───── Record excerpts
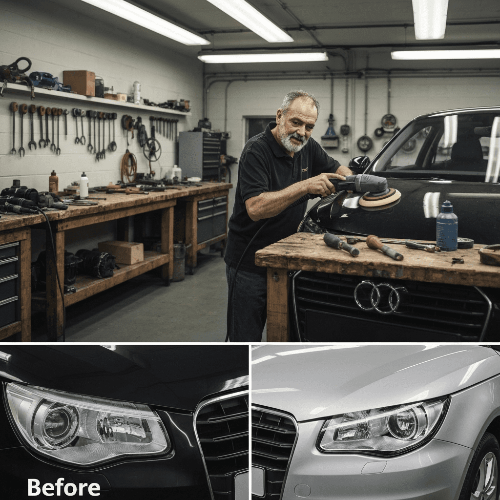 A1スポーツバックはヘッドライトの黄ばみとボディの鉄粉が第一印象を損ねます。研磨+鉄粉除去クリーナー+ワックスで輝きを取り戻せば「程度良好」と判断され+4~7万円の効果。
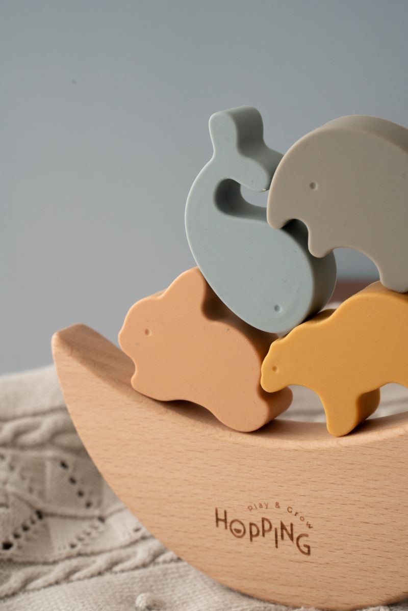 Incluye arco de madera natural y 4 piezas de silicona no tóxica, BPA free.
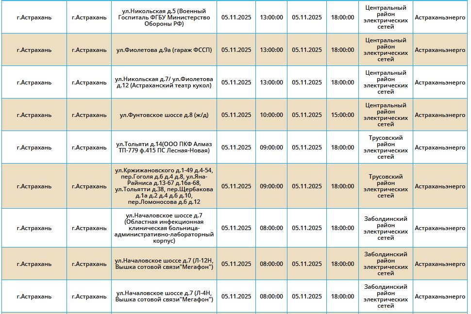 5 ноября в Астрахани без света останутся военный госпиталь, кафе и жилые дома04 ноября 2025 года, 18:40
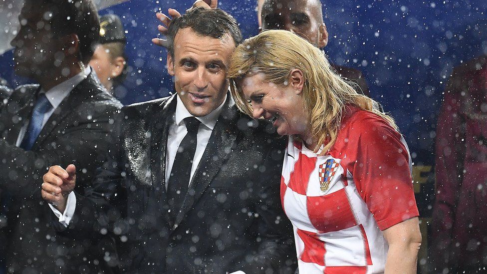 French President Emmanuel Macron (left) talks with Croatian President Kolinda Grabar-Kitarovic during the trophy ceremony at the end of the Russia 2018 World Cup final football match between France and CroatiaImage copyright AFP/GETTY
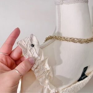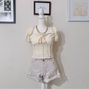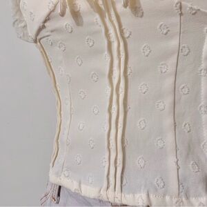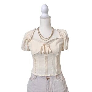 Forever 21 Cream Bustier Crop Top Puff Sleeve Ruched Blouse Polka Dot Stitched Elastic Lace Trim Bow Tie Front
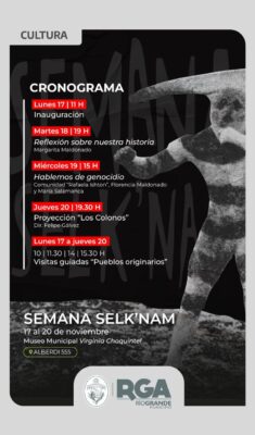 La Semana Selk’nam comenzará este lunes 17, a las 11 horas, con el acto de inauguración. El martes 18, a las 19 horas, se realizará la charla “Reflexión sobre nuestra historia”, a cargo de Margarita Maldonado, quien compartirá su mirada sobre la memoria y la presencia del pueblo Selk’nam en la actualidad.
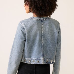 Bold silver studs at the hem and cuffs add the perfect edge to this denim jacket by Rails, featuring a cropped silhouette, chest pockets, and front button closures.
──────────
───── Record excerpts
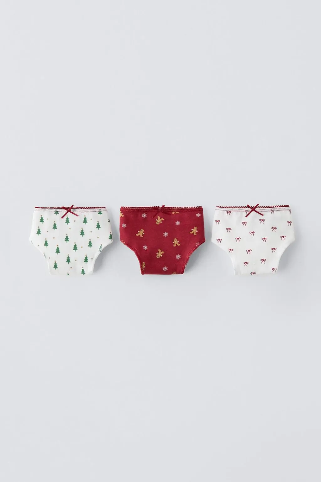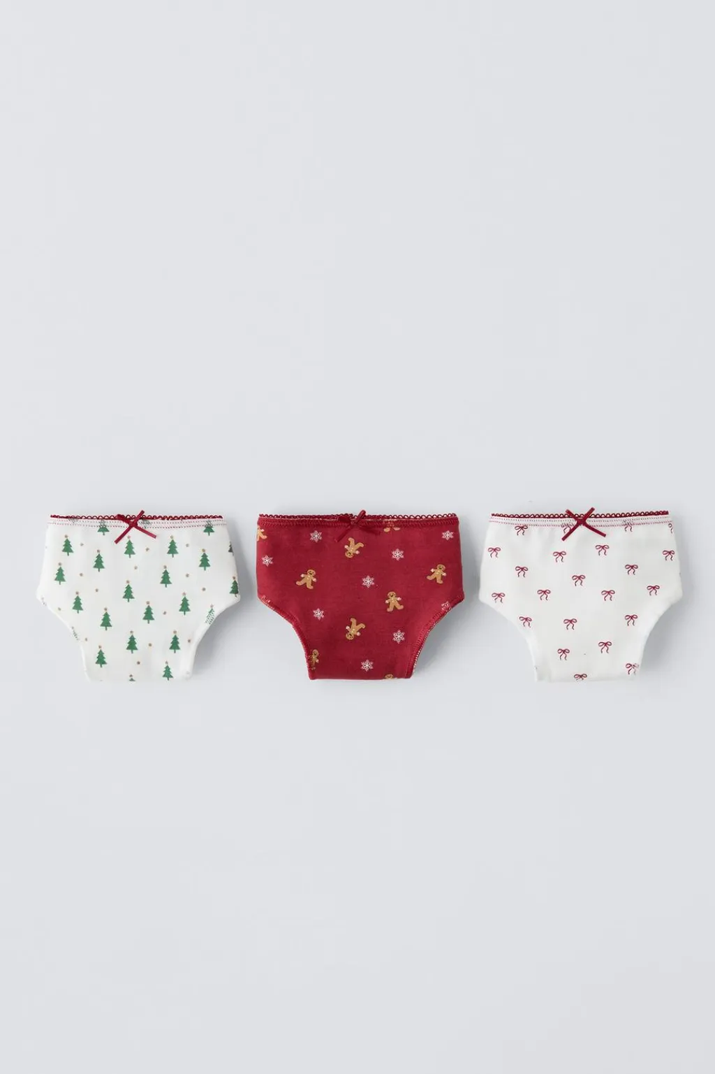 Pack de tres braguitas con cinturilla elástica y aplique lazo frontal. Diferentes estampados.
──────────
Activity: The answer is the lines above from the one with "A1スポーツバックはヘッドラ" to the one with "5 ноября в Астрахани", set down exactly, with no pictures.

Exercise result:
 A1スポーツバックはヘッドライトの黄ばみとボディの鉄粉が第一印象を損ねます。研磨+鉄粉除去クリーナー+ワックスで輝きを取り戻せば「程度良好」と判断され+4~7万円の効果。
 Incluye arco de madera natural y 4 piezas de silicona no tóxica, BPA free.
 5 ноября в Астрахани без света останутся военный госпиталь, кафе и жилые дома04 ноября 2025 года, 18:40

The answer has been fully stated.